> _WORK TO COMPLETE_
With the pictures omitted, transcribe each line below exactly as it is.

> _DATASET SECTION_

□ □ □ □

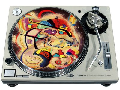 High quality felt turntable slipmat imprinted with an image of Painting 11. The mat is regular thickness (3/32" or 2mm) and is sized to fit any 12 inch turntable. It is anti static, has a glazed bottom to grip and avoid slippage, feels great and works well for scratching or just playing your records. The image is impregnated into the surface of the mat, so it cannot scratch off or damage the record.
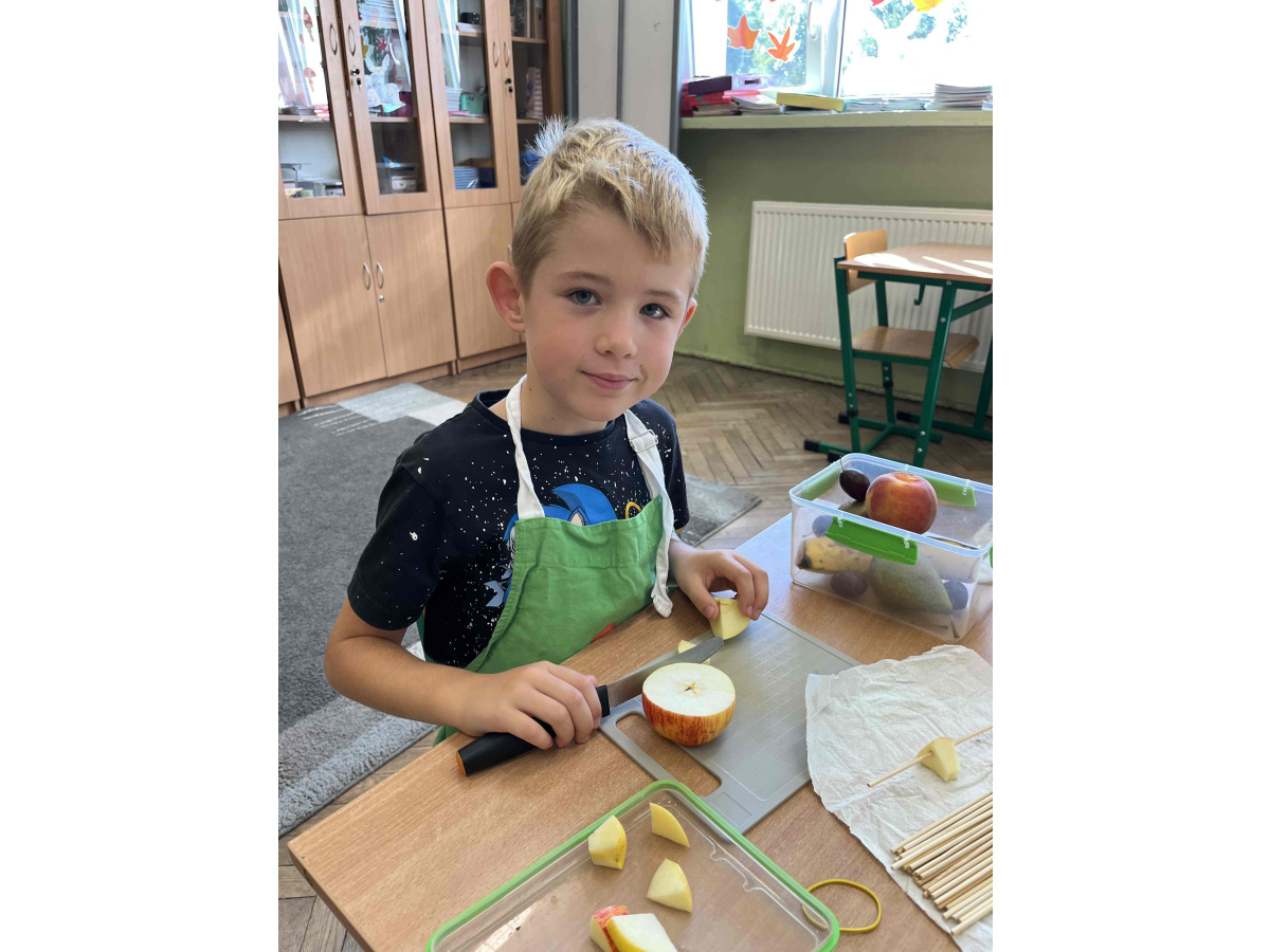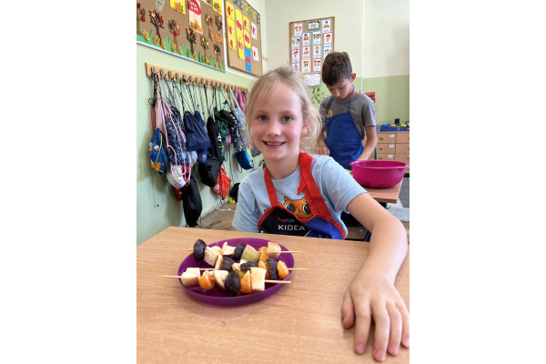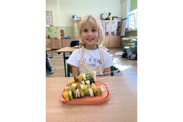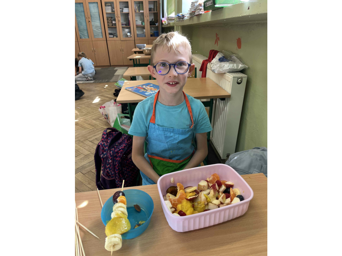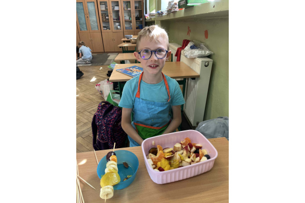 W ramach realizacji tematu ,,Zdrowie z sadu i ogrodu”, uczniowie z klasy 2 b postanowili przygotować szaszłyki owocowe oraz sałatki. Dzieci przyniosły swoje ulubione owoce i z dużym zapałem zabrały się do pracy. Przy okazji utrwaliły sobie nazwy wielu owoców. W sali zrobiło się kolorowo i pachnąco. Punktem najważniejszym była degustacja własnoręcznie przyrządzonych potraw.
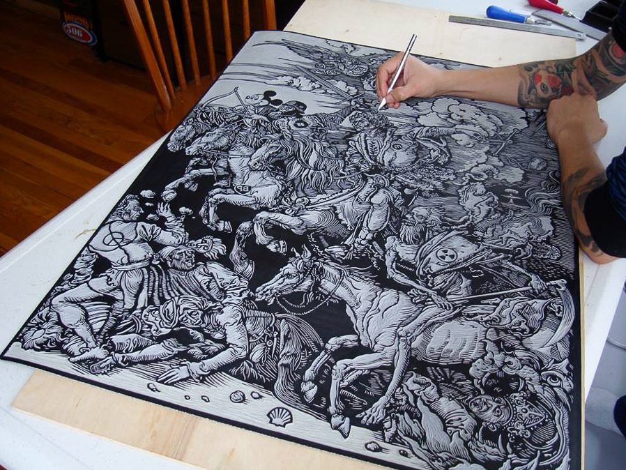Mi forma de trabajar es que empiezo con una idea y una imagen de referencia, como una fotografía, y dibujo sobre un trozo de linóleo o madera, haciendo mi propio diseño. Luego corto alrededor de esas líneas. Con el grabado, debido a que tiene múltiples copias, puede llegar a más personas. La gente siempre dice que es una técnica más democrática, y lo es, porque esa pieza podría estar en un museo, en una galería, en las calles, en una camiseta al mismo tiempo. Esa es la parte maravillosa del grabado.
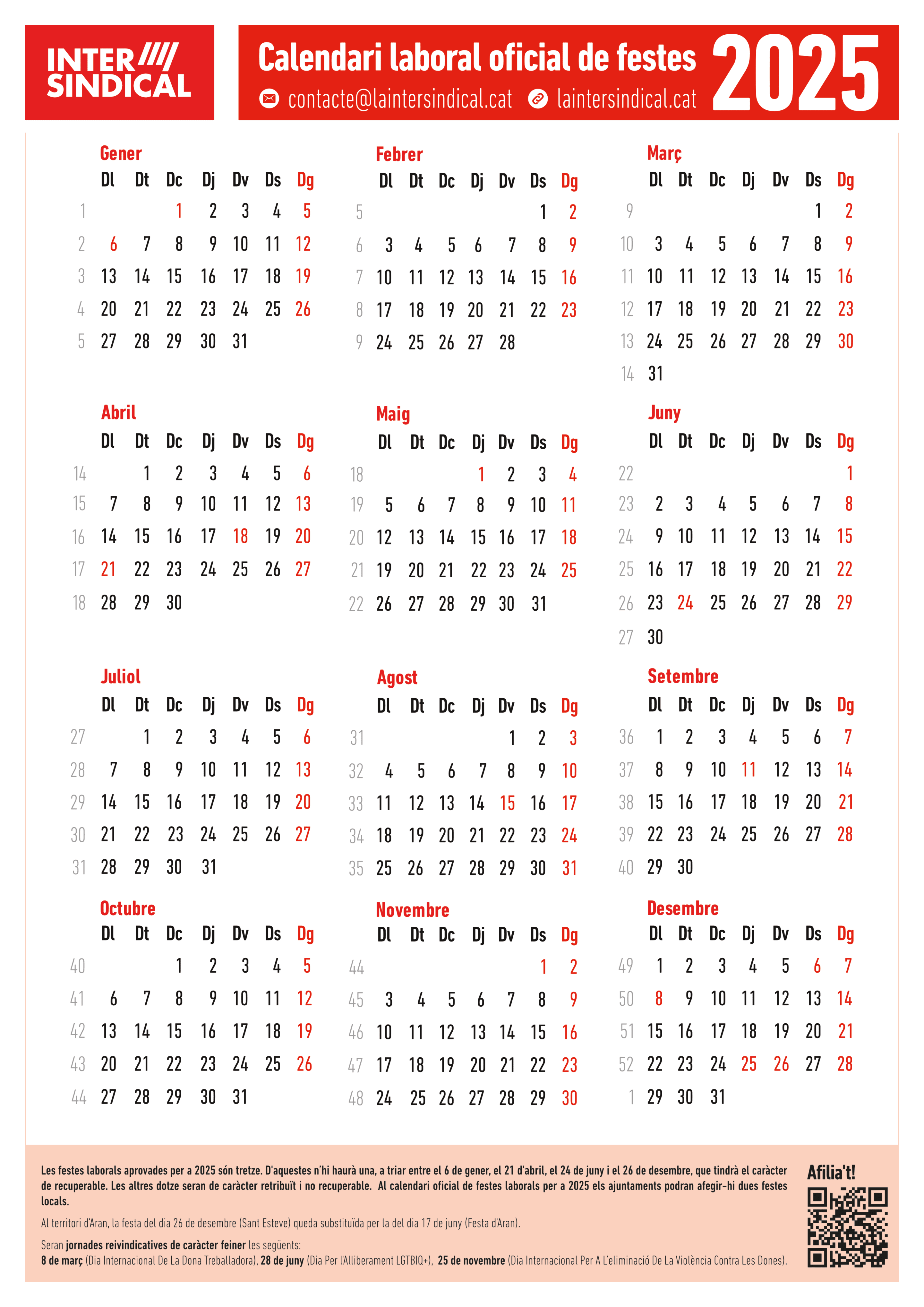 S’ha aprovat el calendari de festes laborals per a 2025, a les quals els ajuntaments poden afegir-hi dues festes locals.

□ □ □ □

> _OUTPUT OF THE EXERCISE_
 High quality felt turntable slipmat imprinted with an image of Painting 11. The mat is regular thickness (3/32" or 2mm) and is sized to fit any 12 inch turntable. It is anti static, has a glazed bottom to grip and avoid slippage, feels great and works well for scratching or just playing your records. The image is impregnated into the surface of the mat, so it cannot scratch off or damage the record.
 W ramach realizacji tematu ,,Zdrowie z sadu i ogrodu”, uczniowie z klasy 2 b postanowili przygotować szaszłyki owocowe oraz sałatki. Dzieci przyniosły swoje ulubione owoce i z dużym zapałem zabrały się do pracy. Przy okazji utrwaliły sobie nazwy wielu owoców. W sali zrobiło się kolorowo i pachnąco. Punktem najważniejszym była degustacja własnoręcznie przyrządzonych potraw.
Mi forma de trabajar es que empiezo con una idea y una imagen de referencia, como una fotografía, y dibujo sobre un trozo de linóleo o madera, haciendo mi propio diseño. Luego corto alrededor de esas líneas. Con el grabado, debido a que tiene múltiples copias, puede llegar a más personas. La gente siempre dice que es una técnica más democrática, y lo es, porque esa pieza podría estar en un museo, en una galería, en las calles, en una camiseta al mismo tiempo. Esa es la parte maravillosa del grabado.
 S’ha aprovat el calendari de festes laborals per a 2025, a les quals els ajuntaments poden afegir-hi dues festes locals.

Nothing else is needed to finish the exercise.